PROVIDED RECORDS Block Start

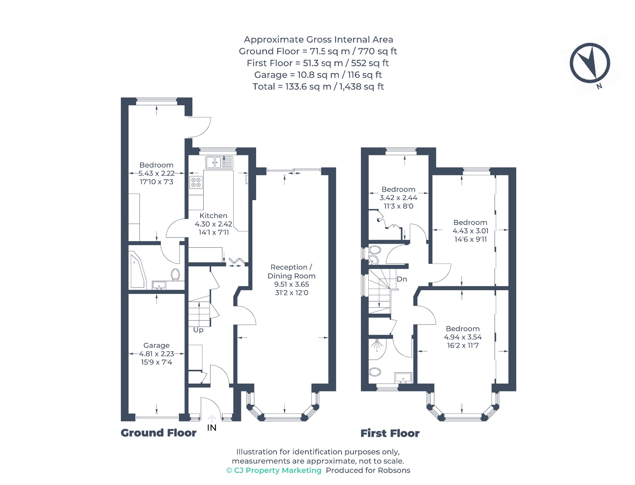 The ground floor comprises an entrance porch and hallway, a large living / dining room, a kitchen, and a ground floor bedroom with an en-suite. The ground floor bedroom benefits from direct access to the garden, and could alternatively be used as a home office. Two generous double bedrooms, a smaller double bedroom, a family shower room and a separate WC are all located on the first floor. All three bedrooms boast fitted wardrobes.
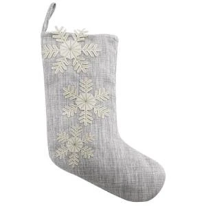 Martha Stewart Living 16 in. Silver Polyester Snowflake Christmas Stocking-9717500250 – Description
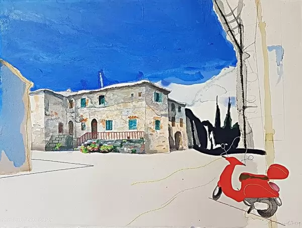 "Църквата Сан Агустино в Сан Джиминяно“ има акварелно разлято синьо небе, акрилни сгради по слънчевия площад и кобалтовосиня маслена сянка, която покрива част от паркинга. Най-интересни са обаче двете прозрачни фигури — на свети Августин, който храни няколко птици и една недовършена жена до него. Те не са нарисувани, те са избродирани с черен конец върху хартията.
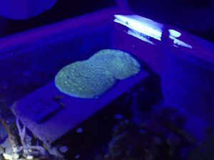 ![]() ブラックライトに照らされて | ![]() 蛍光に光ります | ![]() サンゴの蛍光発色 |
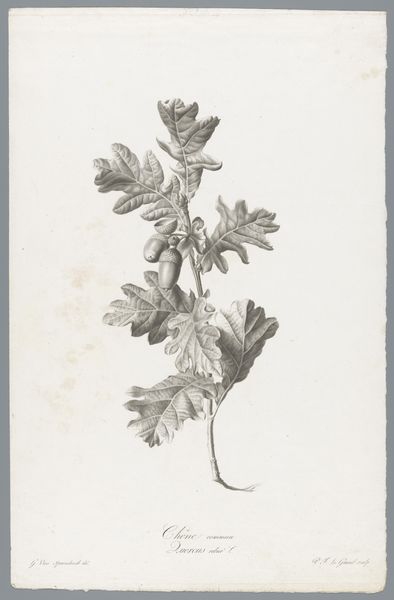 Curator: This is Martin Mower's rendering of an oak leaf, rendered in watercolor on paper. It's striking, isn't it? Editor: It evokes a sense of melancholy, a kind of autumnal elegy. The isolated leaf against the stark white ground speaks of solitude and decay. Curator: Indeed, the artist masterfully uses the medium to capture the delicate venation and subtle gradations of color, focusing on form. Editor: I wonder, though, about the context of such a piece. Was this part of a larger botanical study, perhaps reflecting a colonial impulse to classify and control nature? Curator: That's certainly a valid interpretation. However, I'm also drawn to the sheer technical skill on display; the artist's rendering is quite beautiful. Editor: Yes, but beauty devoid of context can be a form of erasure. Whose story is being told, and whose is being left out? Curator: An interesting point. It is something to consider while appreciating Mower's skill and artistry. Editor: Ultimately, perhaps we should acknowledge how this piece reflects our complex relationship with the natural world.
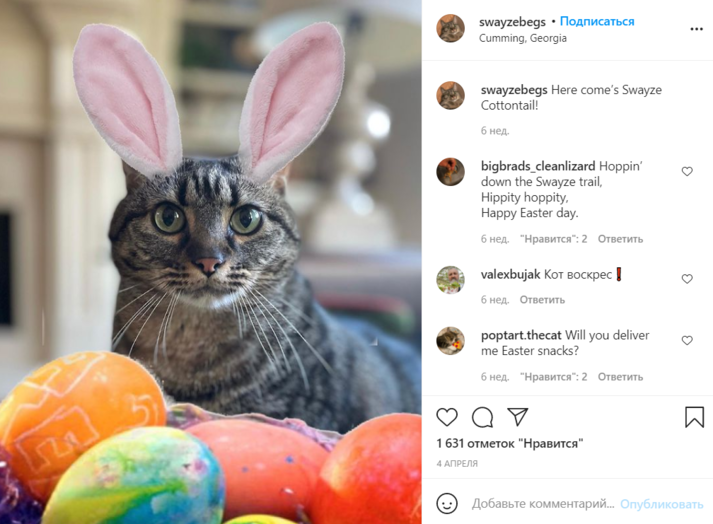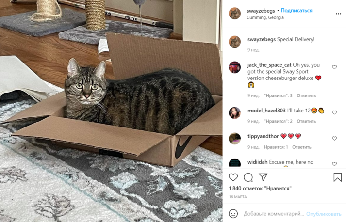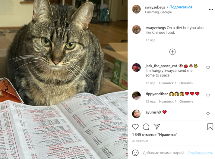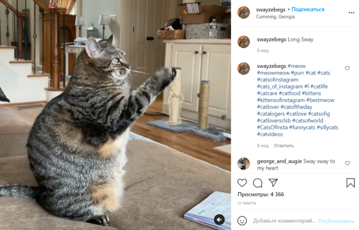 Пятилетняя кошка Суэйзи живет в американском штате Джорджия вместе со своей хозяйкой Эбби Нельсон. В инстаграме у нее более 32 тысяч подписчиков, а все потому, что она невероятно большая — ее вес составляет 7,5 килограмма.

PROVIDED RECORDS Block End

(TASK OBJECTIVE): Every line from the start of the material through the line containing "Martha Stewart Living" is needed exactly as written; the pictures are not.

(YOUR SOLUTION):
 The ground floor comprises an entrance porch and hallway, a large living / dining room, a kitchen, and a ground floor bedroom with an en-suite. The ground floor bedroom benefits from direct access to the garden, and could alternatively be used as a home office. Two generous double bedrooms, a smaller double bedroom, a family shower room and a separate WC are all located on the first floor. All three bedrooms boast fitted wardrobes.
 Martha Stewart Living 16 in. Silver Polyester Snowflake Christmas Stocking-9717500250 – Description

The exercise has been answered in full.